The EPDM sponge has the same benefits as the neoprene blend. However, its resistance to ozone is greater, making it best suited in environments where exposure to ozone is a challenge. This makes it more expensive when compared to the neoprene blend.
Foam materials are similar to sponge materials in that they are recommended for use in applications that require low compressional forces. They, however, offer lower compressional forces in comparison to sponge materials. Foams are generally less expensive when compared to solid or sponge materials. They are used to provide a simple seal from the duct and primary air. They do not provide a genuine environmental seal. They are best suited where a basic seal of two materials is needed and not for critical applications outdoors.
The cellular silicone foams have extreme temperature resistance. They are employed in applications that require resilience in cushioning, sealing, vibration and insulation. They can be found in six varieties which range from ultra soft to extra firm.
The filter foams are custom designed to Filter out dust. Filter foams permit air to Flow in and out of the system yet keep out dust. They are mostly used in electronic applications where dust is undesirable.
Polyurethane foams can be used broadly in gasketing, energy absorption, and sealing. They are less costly when compared to silicone foams. They also have a low compression set. Polyurethane foams can be available in a variety of densities and firmness within each formulation.
Polyolefin is an inexpensive material in basic gasket making. It is mostly selected as a space filler to prevent two sides of a part from touching.
The form in place is mostly used where a very small gasket is needed. The small gasket may be difficult to die cut and assemble. Such small gaskets are flimsy to manage and elongate time and effort in assembling. In such cases, form in place gaskets are selected to reduce assembly cost. The gasket is dispensed into the unit and cured. FIP materials are typically used in electronic devices due to their size.
Silicone sealants and adhesives cure upon exposure to ambient humidity. They have good sealing properties and set well in the majority of ozone, weather, and compression conditions with electrical insulation properties. Silicone sealant can be applied on overhead, vertical, and horizontal surfaces depending on the viscosities.
When uncured, silicone is capable of adhering to small objects as it cures. When applied in FIP, silicone has high temperature performance but low temperature flexibility. It has a wide range of applications due to it being readily available.
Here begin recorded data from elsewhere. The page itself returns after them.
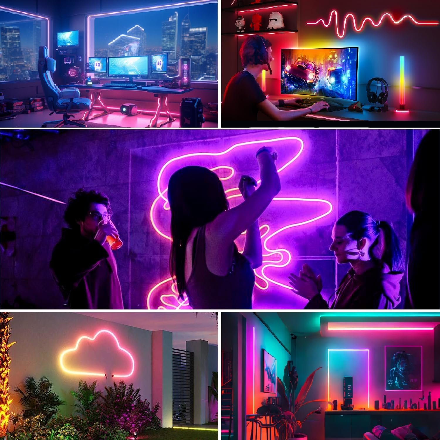 20Ft Neon Rope Lights,Flexible Led Rope Lights Control with App/Remote,Multiple Modes Rope Lights,IP67 Outdoor Waterproof,Music Sync Light Strip for Bedroom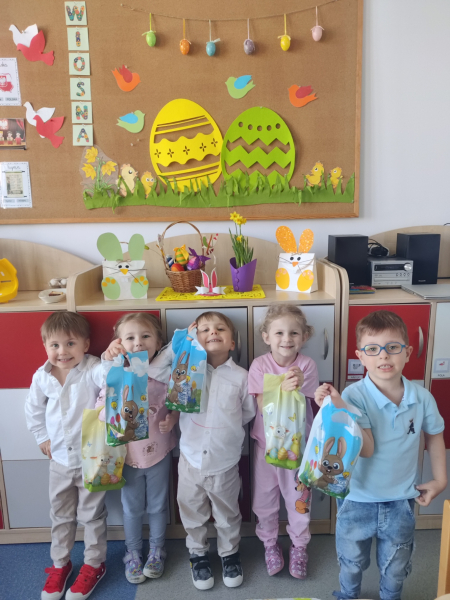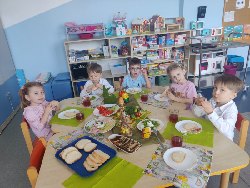 W dniu Wielkanocnego Śniadania w przedszkolu, Myszki przy wspólnym stole złożyły sobie życzenia oraz mogły skosztować samodzielnie wysianej rzeżuchy. W tym dniu wszystko związane było ze zbliżającymi się świętami - zajęcia, zabawa, a trakże poszukiwania Zajączka, które zakończyły się upominkiem dla każdego Przedszkolaka.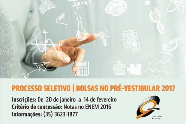 Curso G9 oferece bolsas de estudo para alunos que ingressarem no Pré-vestibular em 2017. As inscrições para o processo seletivo devem ser realizadas entre 20 de janeiro e 14 de fevereiro pelo e-mail bolsa@curso-g9.com.br.
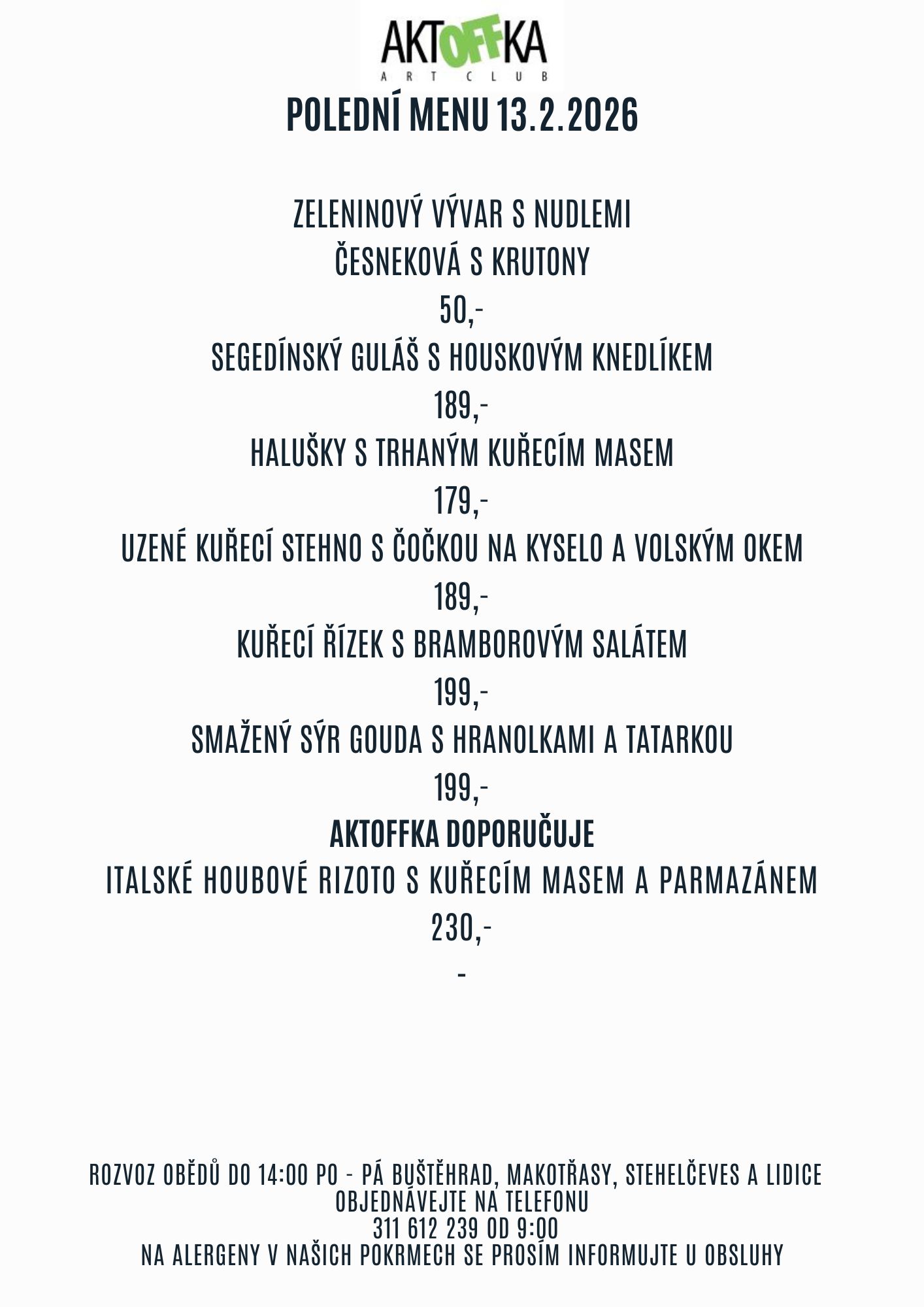 Polední menu 13.2.2026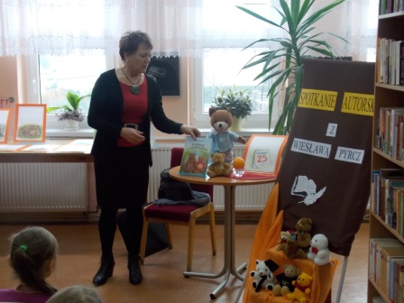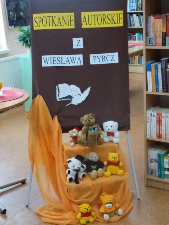 Na spotkanie autorskie z poetką do osieckiej biblioteki publicznej przybyli uczniowie z klasy 1b z miejscowej szkoły podstawowej. Pierwszoklasiści przyszli w towarzystwie swoich ulubionych pluszaków. W nawiązaniu do obchodzonego tego dnia święta, tematem przewodnim spotkania były misie. Autorka podczas spotkania skupiła się na książce „O misiach i o niedźwiadkach”. Przedstawiła także dzieciom przywiezione przez nią pluszaki – bohaterów jej książki. Pani Wiesława opowiedziała, jak książka powstała, zaprezentowała ilustracje w niej zawarte oraz przeczytała swoim małym słuchaczom wybrane fragmenty o misiach. Pierwszoklasiści z zainteresowaniem słuchali przytaczanych tekstów. Treść była dla nich zrozumiała a zarazem humorystyczna i dydaktyczna. Spotkanie miało charakter interakcyjny. Autorka dzięki swemu sympatycznemu usposobieniu nie miała problemu z nawiązaniem z dziećmi kontaktu, toteż prowadziła z nimi interesujący i pouczający dialog. Uczniowie umiejętnie odgadywali zawarte w książce rymy i wyjaśniali różne zachowania misiów i niedźwiadków. Dzieci dowiedziały się też, co to jest gawra i miały okazję zaprezentować niedźwiadkowe przeciąganie się przed legowiskiem. Spotkaniu towarzyszyła wystawka ilustracji zawartych w książkach Wiesławy Pyrcz. Autorka podzieliła się z dziećmi pewną ciekawostką. Ilustratorkami książek są jej uczennice z okresu pracy w szkole.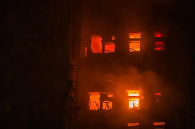 消防表示,目前有两、三座大楼仍严峻,现场温度高。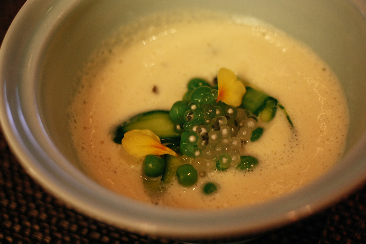 지인의 맛있는 곳을 소개해주겠다며 데려간 곳은 바로 이십사절기. 일식과 중식 그리고 양식을 쉽게 접할 수 있는 영국을 벗어나 한식 파인 다이닝을 먹이고 싶었다던 지인의 마음이 너무 귀엽고 고마웠다. 이십사절기의 저녁메뉴는 코스 요리 밖에 없다. 식전주전부리로는 찹쌀 옥수수와 견과류 그리고 밤고구마가 나온다. 그 다음에 차례대로 오이콩국수, 민어바케트와 침채, 먹새우감자튀김, 대통연잎흑돼지찜, 나물퓨레를 곁들인 연어요리, 나물밥비빔용 콩비지 찌개와 마지막으로 녹차 아이스크림과 커피가 나왔다. 이 코스는 총 두 시간에 걸쳐 서빙이 됐고, 우리는 모든 음식들의 플레이팅에 감탄을 자아냈던 기억이 난다.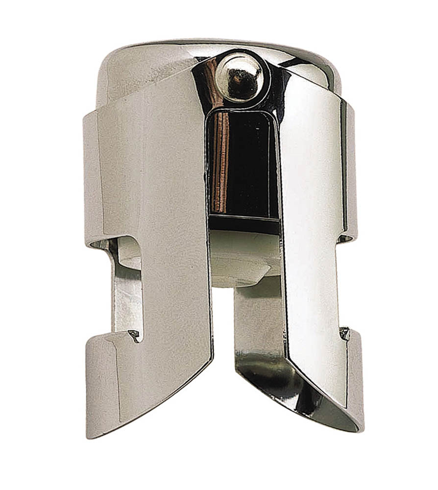 Teräksinen korkki kuohuviinipulloille. Lukittuu paikalleen pullon kaulassa olevan kauluksen alle, painat korkkia ensin suoraan alas ja lasket sitten "siivekkeet" alas kauluksen alle. Nyt voi avata pullon vain muutamaa lasillista varten!
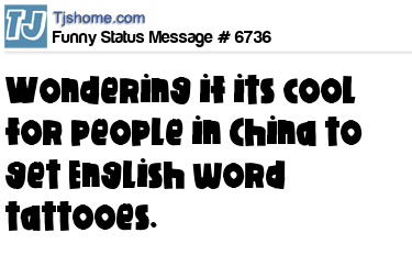 - # 67701 wondering if its cool in China to get English words tattooed on their arms?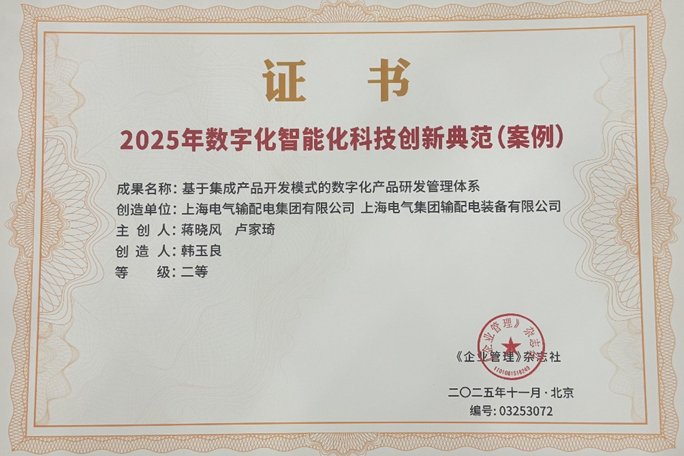 近日,上海电气输配电集团有限公司与上海人民电器厂的两项成果经权威遴选,成功获评“2025年数字化智能化科技创新典范(案例)”,相关成果已被收录于《2025-2026国资国企改革创新成果案例汇编》,将作为先进实践案例向全国发布、推广。此次入选,标志着集团在持续提升“高端化、国产化、智能化、集成化”核心竞争力发展道路上取得了重要进展,展现了集团在数字化智能化领域的领先实力与创新引领能力。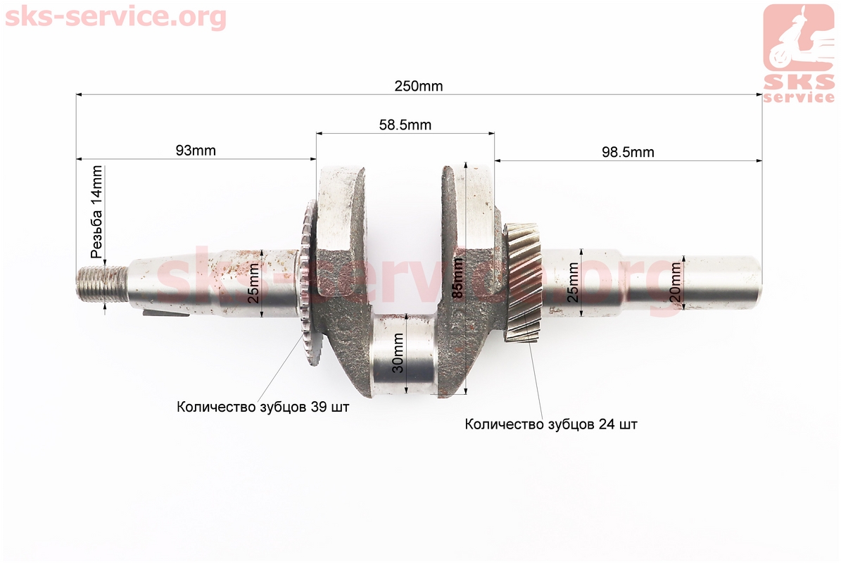 Коленвал 168F/170F (Dшейки-30mm, H-85mm, L-250mm) под шпонку D-20mm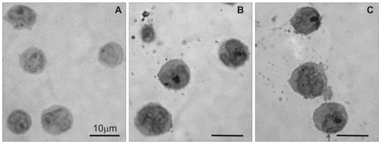 Light microscopy of semi-thin sections of 1301 cells: (A) untreated cells, (B) cells treated with CRD13 dendrimer at 2.5 µmol/L, (C) cells treated with CRD27 dendrimer at 5 µmol/L. Scale bar = 10 µm.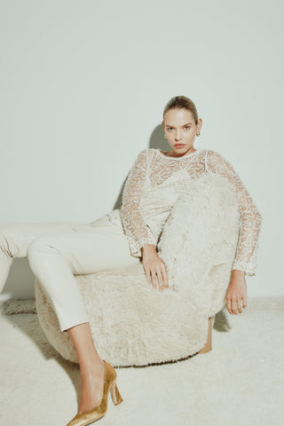 The Opera Buff Long Sleeve Top combines sleek sophistication with modern edge. Crafted from fine mesh, it features intricate vegan leather sequin appliqué and a chic boat neck. The removable cami lining adds versatility, while the regular fit ensures comfort and style. Perfect for dressing up or down, this top makes a statement on its own.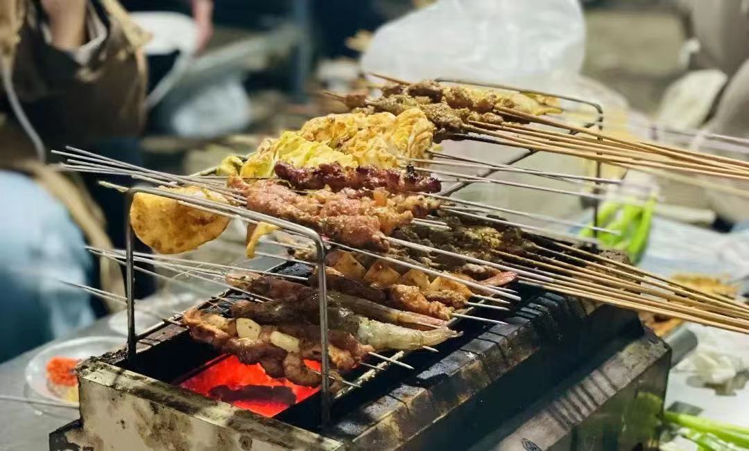 一桌一炉一卷饼,小串小葱小蘸料。食材新鲜,风味独特,分量十足,荤素应有尽有。在食客心中,最在意的还是淄博烧烤的美味与实惠——肉串分1元、1.5元、2元、2.5元、3元不等,小饼每包3至4元,小葱、小酱加蘸料3至5元,人均消费四五十元就能吃饱吃好。

These get used when lead time and production are a priority. UV Materials do not need much curing time after dispensing as silicone does. This makes the turn around faster. UV materials are preferred where high volume and high throughput production are prioritized.
EMI materials are the most popular type of FIP gaskets used in various applications. They meet the requirements of the EMI applications and are best suited when precise and small gaskets are needed. EMI materials can shield between two gasket sides and can be used in satellites, aerospace, and test equipment.
This involves using EMI materials to shield between the two areas of a part or product.
Silicone extrusions merge two types of gaskets i.e. EMI shielding and environmental seal into one product. It has a thin shield that is electrically conductive and is co-extruded on a silicone rubber base. They are a good option when there is a need to put a gasket into a grove. In cases where the grove is too small for extrusion, then FIP dispensing is more preferred. Extrusion yields a lower compression force because it is softer when compared to FFIP dispensing.
EMI shielding silicone products are conductive as they have a conductive filler which can be nickel, copper, or aluminum. It is very flexible and can fit many designs and sizes, although it is not best suited for harsh environments such as sunlight or caustic chemicals. Such harsh environments can impair the shielding and sealing. Therefore, it is mostly used as connector gaskets or on print circuit boards or electronics.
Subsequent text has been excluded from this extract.